* **SOURCE RECORDS**
· · ·

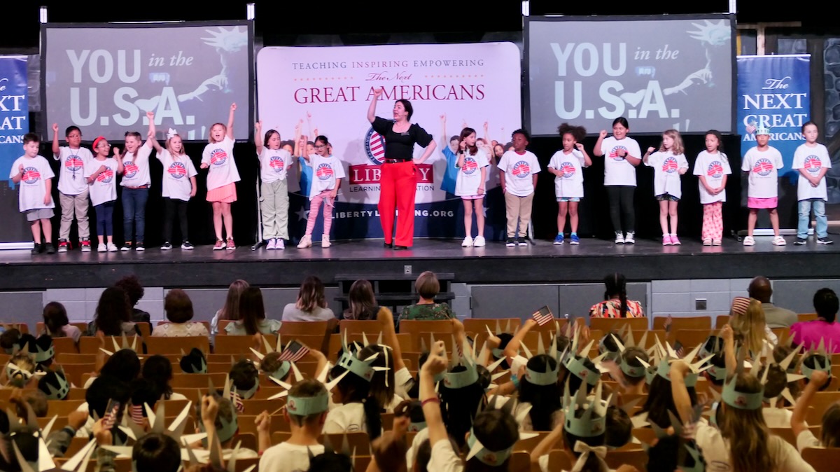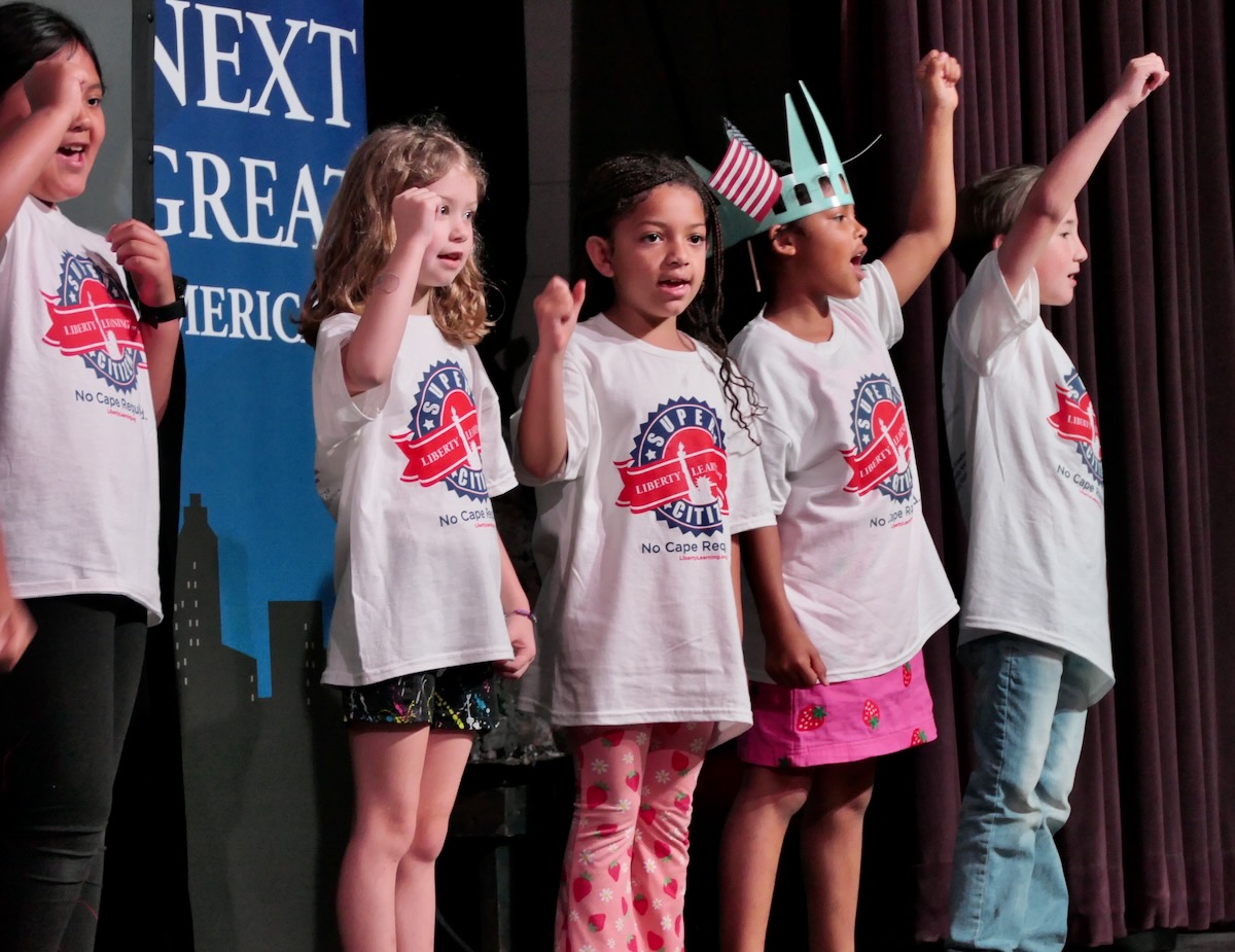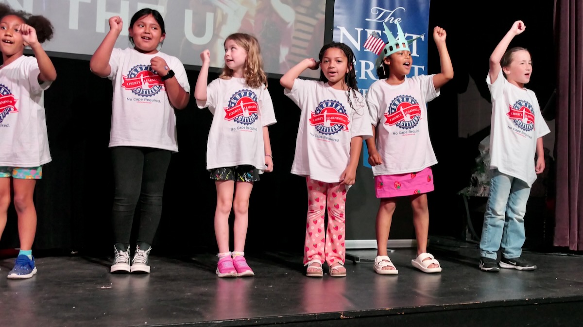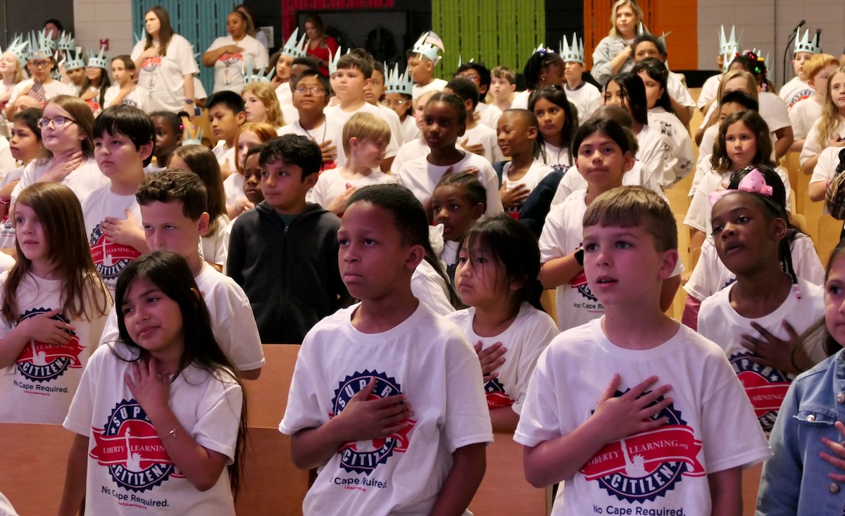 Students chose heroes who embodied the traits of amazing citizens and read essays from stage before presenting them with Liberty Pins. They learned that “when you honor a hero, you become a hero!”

· · ·

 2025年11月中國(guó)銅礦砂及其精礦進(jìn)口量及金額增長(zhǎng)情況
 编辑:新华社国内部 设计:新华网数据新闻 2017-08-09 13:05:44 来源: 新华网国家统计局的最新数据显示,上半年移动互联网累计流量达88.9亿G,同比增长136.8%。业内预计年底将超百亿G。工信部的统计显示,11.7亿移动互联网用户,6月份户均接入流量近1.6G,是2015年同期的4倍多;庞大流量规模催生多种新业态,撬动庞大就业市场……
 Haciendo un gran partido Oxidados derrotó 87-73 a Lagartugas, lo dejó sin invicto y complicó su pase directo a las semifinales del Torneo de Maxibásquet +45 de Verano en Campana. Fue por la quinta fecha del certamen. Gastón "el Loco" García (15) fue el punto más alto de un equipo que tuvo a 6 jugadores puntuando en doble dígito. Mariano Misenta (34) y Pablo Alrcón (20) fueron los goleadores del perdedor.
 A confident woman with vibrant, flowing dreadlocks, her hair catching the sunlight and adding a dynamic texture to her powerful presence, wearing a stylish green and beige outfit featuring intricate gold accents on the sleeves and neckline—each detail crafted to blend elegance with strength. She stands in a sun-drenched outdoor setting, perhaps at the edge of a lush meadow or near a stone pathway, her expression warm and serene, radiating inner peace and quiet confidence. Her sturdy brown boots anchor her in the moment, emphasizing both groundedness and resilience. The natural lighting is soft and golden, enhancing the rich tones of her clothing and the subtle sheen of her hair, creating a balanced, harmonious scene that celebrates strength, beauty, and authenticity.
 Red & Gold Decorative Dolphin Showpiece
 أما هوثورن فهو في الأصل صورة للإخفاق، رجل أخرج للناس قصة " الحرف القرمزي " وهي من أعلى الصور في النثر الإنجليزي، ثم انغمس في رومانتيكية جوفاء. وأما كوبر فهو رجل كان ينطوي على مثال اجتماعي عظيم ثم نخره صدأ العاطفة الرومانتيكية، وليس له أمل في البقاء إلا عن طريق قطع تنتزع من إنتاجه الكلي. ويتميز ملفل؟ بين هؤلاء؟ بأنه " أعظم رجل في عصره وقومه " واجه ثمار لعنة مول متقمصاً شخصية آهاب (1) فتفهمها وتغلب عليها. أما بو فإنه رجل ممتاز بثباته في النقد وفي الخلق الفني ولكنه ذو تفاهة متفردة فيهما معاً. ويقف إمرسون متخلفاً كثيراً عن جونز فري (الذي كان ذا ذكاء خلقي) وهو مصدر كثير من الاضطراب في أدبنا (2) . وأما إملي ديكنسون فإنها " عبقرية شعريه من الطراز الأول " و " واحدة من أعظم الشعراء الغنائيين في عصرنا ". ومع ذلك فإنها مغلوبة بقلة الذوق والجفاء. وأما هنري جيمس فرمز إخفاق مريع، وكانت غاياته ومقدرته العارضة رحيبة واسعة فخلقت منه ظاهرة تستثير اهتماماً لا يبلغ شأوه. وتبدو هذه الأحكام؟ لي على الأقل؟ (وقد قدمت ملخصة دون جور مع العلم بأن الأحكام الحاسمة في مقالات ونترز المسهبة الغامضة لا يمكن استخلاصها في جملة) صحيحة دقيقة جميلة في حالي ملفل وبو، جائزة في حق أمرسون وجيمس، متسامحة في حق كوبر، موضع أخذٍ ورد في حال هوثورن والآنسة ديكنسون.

· · ·

* **WHAT TO WORK ON**
Among the entries above, locate the lines containing "编辑:新华社国内部 设计:新华网数据新闻 2017-08-09" and "Haciendo un gran", and transcribe exactly those two lines and all lines between.

* **SOLVED EXERCISE**
 编辑:新华社国内部 设计:新华网数据新闻 2017-08-09 13:05:44 来源: 新华网国家统计局的最新数据显示,上半年移动互联网累计流量达88.9亿G,同比增长136.8%。业内预计年底将超百亿G。工信部的统计显示,11.7亿移动互联网用户,6月份户均接入流量近1.6G,是2015年同期的4倍多;庞大流量规模催生多种新业态,撬动庞大就业市场……
 Haciendo un gran partido Oxidados derrotó 87-73 a Lagartugas, lo dejó sin invicto y complicó su pase directo a las semifinales del Torneo de Maxibásquet +45 de Verano en Campana. Fue por la quinta fecha del certamen. Gastón "el Loco" García (15) fue el punto más alto de un equipo que tuvo a 6 jugadores puntuando en doble dígito. Mariano Misenta (34) y Pablo Alrcón (20) fueron los goleadores del perdedor.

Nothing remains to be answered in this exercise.